Here the camera is at ground level at the left, and there are two points at an equal height, h, separated by s, with the camera being a distance D from the nearest one, and everything is in a line (let's ignore the problem that the nearest object is going to obscure the more distant one: in real life things will not be in a line like this and the maths will be harder).

You know h and s as you know what is where in the city, and you want to work out D from looking at the photograph: can you? Yes, here's how.

Let's imagine that the photograph made by the camera is projected onto a screen a distance d in front of the camera, in such a way that the images of the two points line up with their real positions as seen from the camera. By simple geometry the heights on the image of the images of the two points are

  • h1 = hd/D (nearest one)
  • h2 = hd/(D + s) (further one)

So now, the things we know are s, h, (from the geometry of the city), h1 and h2 (from measuring the photograph), and we don't know d (and don't care in fact), and we don't know D but do care.

So now we can do a bit of algebra:

h1/h2 = hd(D + s)/(hdD) = (D + s)/D

So

D = s/(h1/h2 - 1)

So two things have happened here, one will always happen and one is because I chose a toy example.

  • d has vanished, and all that matters is the ratio of h1 and h2: this should be obvious because, obviously, we can enlarge the photo to any size we like so the only thing that can matter is the ratios of the positions on the image.
  • h has vanished. This only happens because I chose both of the points to be at the same height: it won't happen in general.

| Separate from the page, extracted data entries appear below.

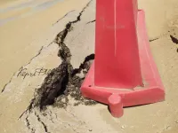 На Аршинцевской косе порвало проезжую часть. Провал уже глубокий и расходится дальше, - передает Керчь.ФМ.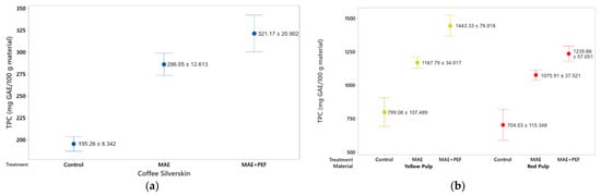 When compared to available literature, the polyphenolic yield of the MAE + PEF extraction used in this study is shown to have matching results to those other strategies for polyphenol extraction. Machado et al. [54] obtained 347 mg GAE/100 g of coffee parchment using a solid-state fermentation with Penicillinum purpurogenum, a comparable yield to the obtained in this study (321.17 mg GAE/100 g coffee parchment) with the benefit of reduced treatment times (total fermentation time = 6 days) and process scalability [54]. Another applicable comparison is the conventional aqueous extraction carried out by Narita and Inouye for coffee parchment [55]. Although the yield is doubled the obtained in this study, processing times increase from 15 min to 1 h (700 mg GAE/100 g coffee parchment, 80 °C, 1 h). While organic compounds, such as ethanol and methanol are considered the optimal solvents to extract phenolic compounds [56], the presented methodology can be posed as a quick, green strategy to enhance phenolic yield and antioxidant content using water as the main process solvent. In the case of coffee pulps, this study shows reduced yields to the approach used by Kusumocahyo et al. [57], a solid-liquid extraction carried out at 60 °C and 60 min (2612 mg GAE/100 g coffee pulp). Nevertheless, the process involves a two-step extraction using n-hexane and a mixture of water and ethanol to optimize its extraction yield.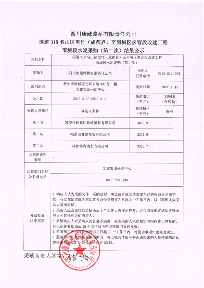 四川康藏路橋有限責任公司國道318名山區(qū)黑竹(成都界)至雨城區(qū)多營段改建工程雨城段水泥采購(第二次)結果公示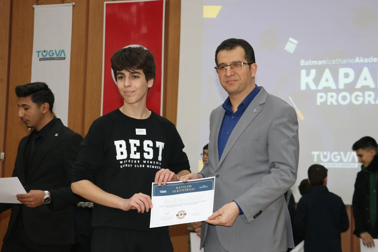 Batman Üniversitesi merkez kampüs konferans salonunda düzenlenen tören, saygı duruşunda bulunulması ve İstiklal Marşı'nın okunmasıyla başladı. <div>Atölyede geçen yıl ekim ayında eğitime başlayan ortaokul ve lise öğrencileri, yazılım, robotik kodlama, endüstriyel tasarım ve yapay zeka alanlarında eğitim aldı.</div> <div>Birinci dönem eğitimlerini başarıyla tamamlayan 224 öğrenciye, törenle sertifikaları takdim edildi.</div> <div>TÜGVA İl Başkanı Mehmet Onutçu, programda yaptığı konuşmada, icathanede yetişen öğrencilerin Batman'da ve ülkede söz sahibi olacaklarını söyledi.</div> <div>İcathanenin gençler için üretim, gelişim ve değer merkezi olduğunu kaydeden Onutçu, şunları kaydetti:</div> <div>"Öğrencilerimiz aldıkları her dersin sonunda kıymetli hocalardan da değerler eğitimi aldı. Her dönem dört kitap okuyacak şekilde zihinsel hem de ahlaki yönden gelişmelerine destek olundu. Her yıl TEKNOFEST yarışmalarına dahil olduk ve geçtiğimiz yıl dört finalist çıkarmanın gururunu yaşadık."</div> <div>Törene, AK Parti İl Başkanı Hüseyin Şansi, icathane eğitimcileri, öğrenciler ve aileleri katıldı.</div>

Finally you can convince yourself that this expression for D is right: if h1 and h2 are the same, then D becomes infinite, and that's right, because you will only see the two towers at the same height if you are infinitely far from them. Similarly if h1/h2 becomes very large then D becomes very small, and this is right: if you're very close to one tower it will appear very big on the image.

Now, as I said, this is a toy example: in real life nothing will be lined up, everything will be different heights &c &c. But if you have enough points on the image for which you know where the real points are then you can tell where the image was made from (interesting question: how many points do you need? I suspect in general it will be 3, although it might be 4: I am sure this is known however).

I am sure that there are books on the maths of perspective, and these will have general solutions you can use: I'd recommend doing some searches on that.


Notes:

  • I've assumed there is no distortion introduced by the optical system of the camera – in real life there will be some but for most lenses it should be small enough (don't try this with fisheyes or very wide angle lenses though);
  • I have not thought about what camera movements (common for old LF images) might do – or rather I have thought & I haven't drawn a definite conclusion although I don't think they will matter.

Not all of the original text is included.